Flood-proofing a treasure store in the desert

Wilcannia is about 900km west of Sydney. Its pretty dry with annual rainfall 255mm.
Not somewhere you would expect flooding to be the engineering problem.
But the town sits on the banks of the Baaka (Darling River). Even the name Wilcannia comes from an Aboriginal word meaning "gap in the bank where floodwaters escape." It can flood pretty badly.
The BAAKA Cultural Centre is a new cultural hub on Barkandji Country, designed by our friends at Kaunitz Yeung Architecture. At its heart is a Keeping Place: a space for Barkandji artifacts, some centuries old, returning home for the first time.
Our job was to make sure the water could not reach them.
Flooding
The Keeping Place sits in the basement. Cool, stable temperatures. A direct connection to Country. But also lower ground, so flood exposure was real.
We modelled the flood behaviour of the local flooding and designed protection measures to keep flood waters away from the basement level. The community needed certainty, not probability.
Stormwater
The outdoor garden is designed as an oasis. 255mm of rain a year does not sound like much. But when it falls, it falls fast.

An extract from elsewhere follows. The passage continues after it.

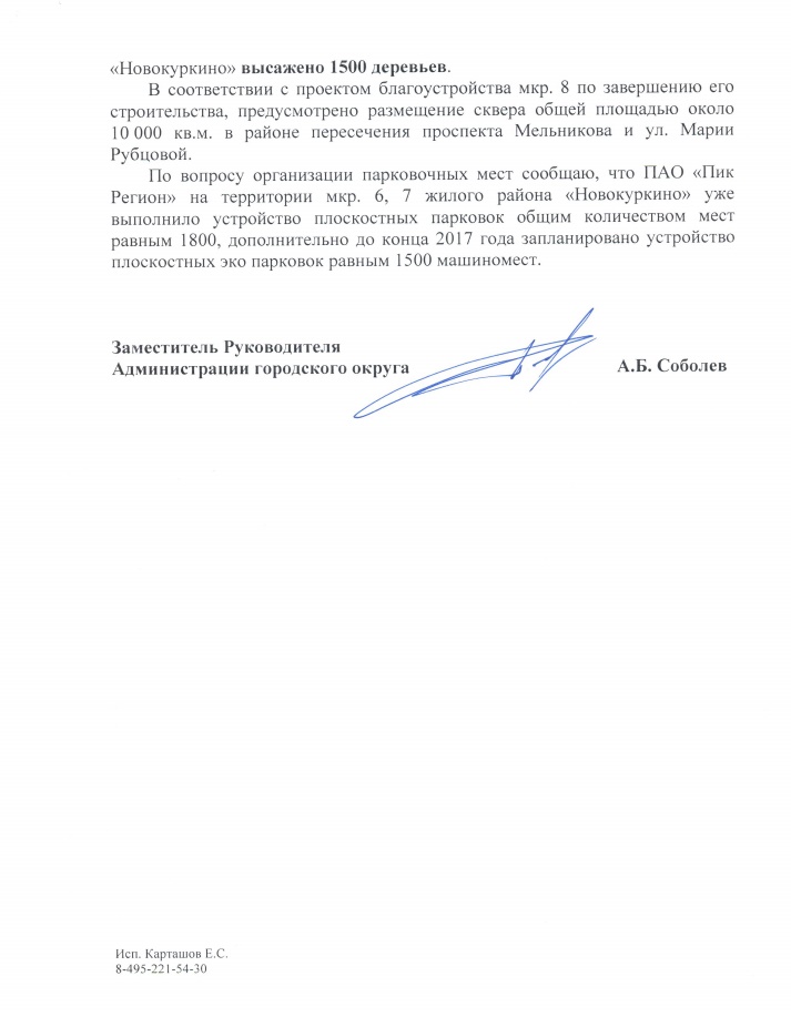 На собрание пришли в общей сложности порядка 50 человек, которые подписали обращение к губернатору Московской области Андрею Воробьеву и руководителю администрации г.о. Химки Владимиру Слепцову. Они указали в письме на острую нехватку парковочных мест и озеленения и переизбыток торговых площадей в районе и призвали отменить строительство магазина. Данную территорию нужно отдать под стоянку для машин, считают жители, тем более что это им прямо обещала химкинская администрация.

We designed the stormwater system to keep the outdoor areas dry and functional, and to make water a feature rather than a hazard. In a dry landscape, it turned out pretty cool.
Water and sewer
New water and sewer servicing for the cafe, commercial kitchen, and amenities. Complicated by the remoteness more than anything else.
The centre opened in 2025. Its one of the more meaningful projects we have worked on. Good engineering does not draw attention to itself. Here, it just keeps something irreplaceable safe.